Are you telling us that Slackware only compiles apache flawless but not openssl MySQL5 and PHP5
GinEricAuthor Commented:
Thanks again Fred.  The main reason I use SlackWare is because it has always been ahead of the others and pretty much sticks to the System V specifications.  The other distributions seem to have enough contributors already.  It did annoy me that when Patrick Volkerding got sick, he pretty much got left behind by the others, who have built distributions based on his, and basically forgotten.  Slackware is the most like a mainframe environment, much more powerful than the often PC oriented other software and distributions.  And flat out, I just prefer it.  I' ve tried the others, they're okay, but lack a lot of features of Slackware and are harder to recover when they crash.  That's just my experience.  Early on, RedHat was all gui on it's install and when it failed the first time I tried it, I still believe I correctly summarized its failure as one owing to too much dependency on gui, like Windows.  It was more for out of the box new people to computers rather than for seasoned professionals.

Debian, Mandrake, Suse, I'm sure they're all great, but I prefer SlackWare the same way I prefer a big car from the 1950's; they can take a beating much better than plastic personnel mudules of the 21st century.  Even a 1970 Bonneville can take more than a humvee [the cheap $50,000.00 model sold to those not smart enough to ask for non-armour piercing version at over $250,000.00]  I also prefer the stainless steel Delorean to plastic Lotuses too.

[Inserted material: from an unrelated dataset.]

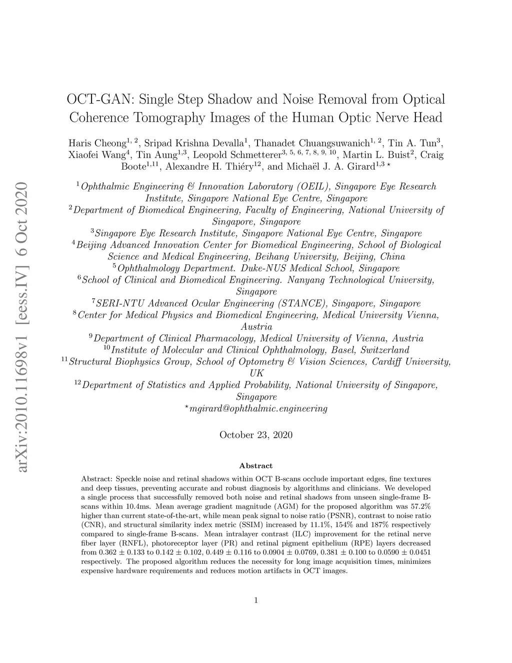OCT-GAN: Single Step Shadow and Noise Removal from Optical Coherence
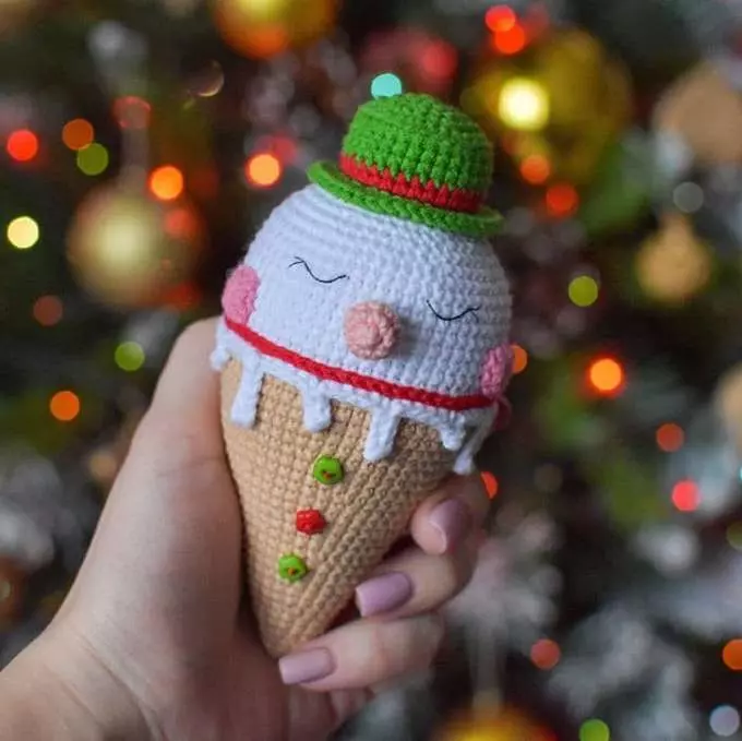 Using this pattern you can crochet three versions of the snowman ice cream:

I don't even remember much of the reason why Electric Fence was included, except that there were some crypt and hash routines that performed much better and the security was tighter with them.  Bad malloc's in C, I believe, and I know that feeling of sporadic failures and intermittent problems, as well as the exploits that can be performed upon such weaknesses.  And I want the full debugger capabilities for other programs that are going to inevitably bump and grind and fail along the chain of compilations.

apt-get and slapt-get are fine for binaries, but that is not what I'm doing.  I'm compiling and testing often very large packages, such as the MAPPS combination, and lately the incorporation of GCC 4.1, by compilation of this very large package.  I'm ready to move up to full 64-bit stuff and can't rely on even slightly dated software.  I also work in hardware design and the arena for problems between hardware and software into the newest systems architecture is predicted to grow as exponentially as the divergence between 32-bit and 64-bit concepts increases.  Simply put, no one is really quite ready for the real 64-bit architecture, from what I've seen thus far, even from Intel, AMD, Citrix, Linux, and Windows.  Most people, programmers and others, don't even fully understand the architectural concepts yet, and most do not know how to effectively optimize and use them.  Thus, an Intel timing buss error shows up as crashes because the speed of the 64-bit system simply was "too fast" for the older drivers, and there were oversights.  Vector Indirect Addressing [which should really be called Matrix Addressing] has confused many software authors, as well as look-ahead logic, pre-processing, pipelines, barrels, restartable micro-operators and instructions, just a whole world of changes they were not fully aware of.  Intel, AMD, and probably Citrix are still resisting the full width 64-bit Interrupt Buss as a physical Interrupt Buss necessity.  Just as they resist fixing the word "bus" to make it "buss" to distinguish between a computer term and a vehicle that carries people in mass transit.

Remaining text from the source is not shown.